L'inertie ambiante, malheureusement républicaine, a conduit finalement à la banalisation de propos ambigües, à des fins électoralistes, qui décomplexe les instincts les plus fous, les plus meurtriers. Le danger potentiel existe bel et bien, sans qu'il soit forcément, religieux ou raciste.
Mohamed Mérah n'était pas une création de la société, il a développé sa réflexion sur des fondements qui dépassent ce cadre, mais qui s'appuie sur une évolution sociétale malsaine.
Les politiques eux-mêmes, agressifs, qui cultivent l'art de la polémique à tout va.
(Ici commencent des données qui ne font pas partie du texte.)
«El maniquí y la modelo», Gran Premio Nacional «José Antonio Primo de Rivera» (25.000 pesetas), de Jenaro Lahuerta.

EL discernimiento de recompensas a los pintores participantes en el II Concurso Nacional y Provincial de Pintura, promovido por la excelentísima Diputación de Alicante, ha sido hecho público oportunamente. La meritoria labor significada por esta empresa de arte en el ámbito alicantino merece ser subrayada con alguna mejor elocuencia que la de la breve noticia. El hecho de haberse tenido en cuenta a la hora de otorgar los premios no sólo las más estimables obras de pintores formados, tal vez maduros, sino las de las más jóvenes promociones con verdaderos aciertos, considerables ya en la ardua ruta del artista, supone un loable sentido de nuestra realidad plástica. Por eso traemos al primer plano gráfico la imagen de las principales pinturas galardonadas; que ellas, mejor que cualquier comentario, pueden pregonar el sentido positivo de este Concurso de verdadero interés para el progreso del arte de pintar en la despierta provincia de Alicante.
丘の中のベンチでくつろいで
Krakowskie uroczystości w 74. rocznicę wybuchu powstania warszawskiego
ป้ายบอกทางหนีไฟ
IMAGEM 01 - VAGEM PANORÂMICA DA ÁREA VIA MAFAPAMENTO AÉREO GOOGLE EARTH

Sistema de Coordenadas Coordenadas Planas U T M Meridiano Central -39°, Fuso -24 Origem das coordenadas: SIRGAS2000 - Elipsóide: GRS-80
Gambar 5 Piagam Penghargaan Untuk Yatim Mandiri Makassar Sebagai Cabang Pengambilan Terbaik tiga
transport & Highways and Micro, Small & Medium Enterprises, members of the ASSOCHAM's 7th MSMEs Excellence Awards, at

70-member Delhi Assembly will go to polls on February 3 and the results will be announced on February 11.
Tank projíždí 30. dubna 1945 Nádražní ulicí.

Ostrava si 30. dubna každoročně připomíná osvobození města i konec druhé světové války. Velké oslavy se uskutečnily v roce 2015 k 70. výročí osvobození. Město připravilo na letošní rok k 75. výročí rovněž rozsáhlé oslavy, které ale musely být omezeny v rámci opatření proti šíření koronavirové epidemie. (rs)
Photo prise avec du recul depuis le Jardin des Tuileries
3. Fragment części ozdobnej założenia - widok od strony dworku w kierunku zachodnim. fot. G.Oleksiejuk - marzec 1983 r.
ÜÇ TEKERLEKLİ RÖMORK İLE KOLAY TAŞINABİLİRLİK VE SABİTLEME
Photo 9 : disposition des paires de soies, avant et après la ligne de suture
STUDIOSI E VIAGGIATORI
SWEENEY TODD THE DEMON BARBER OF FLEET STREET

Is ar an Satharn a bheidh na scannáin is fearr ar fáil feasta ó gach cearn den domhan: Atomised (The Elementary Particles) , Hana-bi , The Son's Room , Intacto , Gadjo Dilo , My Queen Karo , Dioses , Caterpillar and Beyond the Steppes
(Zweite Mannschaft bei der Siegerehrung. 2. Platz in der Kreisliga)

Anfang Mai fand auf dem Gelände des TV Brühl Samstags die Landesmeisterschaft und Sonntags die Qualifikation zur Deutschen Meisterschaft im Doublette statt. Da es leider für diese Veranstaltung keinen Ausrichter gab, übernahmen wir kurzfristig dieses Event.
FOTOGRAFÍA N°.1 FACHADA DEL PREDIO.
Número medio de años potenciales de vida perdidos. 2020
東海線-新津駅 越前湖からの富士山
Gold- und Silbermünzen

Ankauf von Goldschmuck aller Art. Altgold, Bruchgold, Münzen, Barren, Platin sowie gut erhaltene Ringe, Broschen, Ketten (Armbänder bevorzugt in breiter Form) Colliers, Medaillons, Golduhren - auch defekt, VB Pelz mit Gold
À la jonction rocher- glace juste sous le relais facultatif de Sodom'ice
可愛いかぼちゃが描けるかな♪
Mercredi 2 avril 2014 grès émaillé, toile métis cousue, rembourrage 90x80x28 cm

La France s'est fourvoyée, la République s'est dévoyée, n'est plus l'exemplaire vertueuse qu'elle ne devrait jamais cesser d'être, cet idéal de justice dont elle s'est toujours réclamée. La France va mal, et comme l'a justement précisé François Bayrou, "ce qui s'est passé n'est pas sans une certaine évolution de la France". Ne pratiquons pas le déni, complaisante illusion. Notre pays a besoin de fraternité, d'union, d'Unité Nationale pour redevenir en adéquation avec ses valeurs. Ces mots que Bayrou martèle jour après jour prennent corps avec le besoin de la réalité, justifient ce qui nous manque.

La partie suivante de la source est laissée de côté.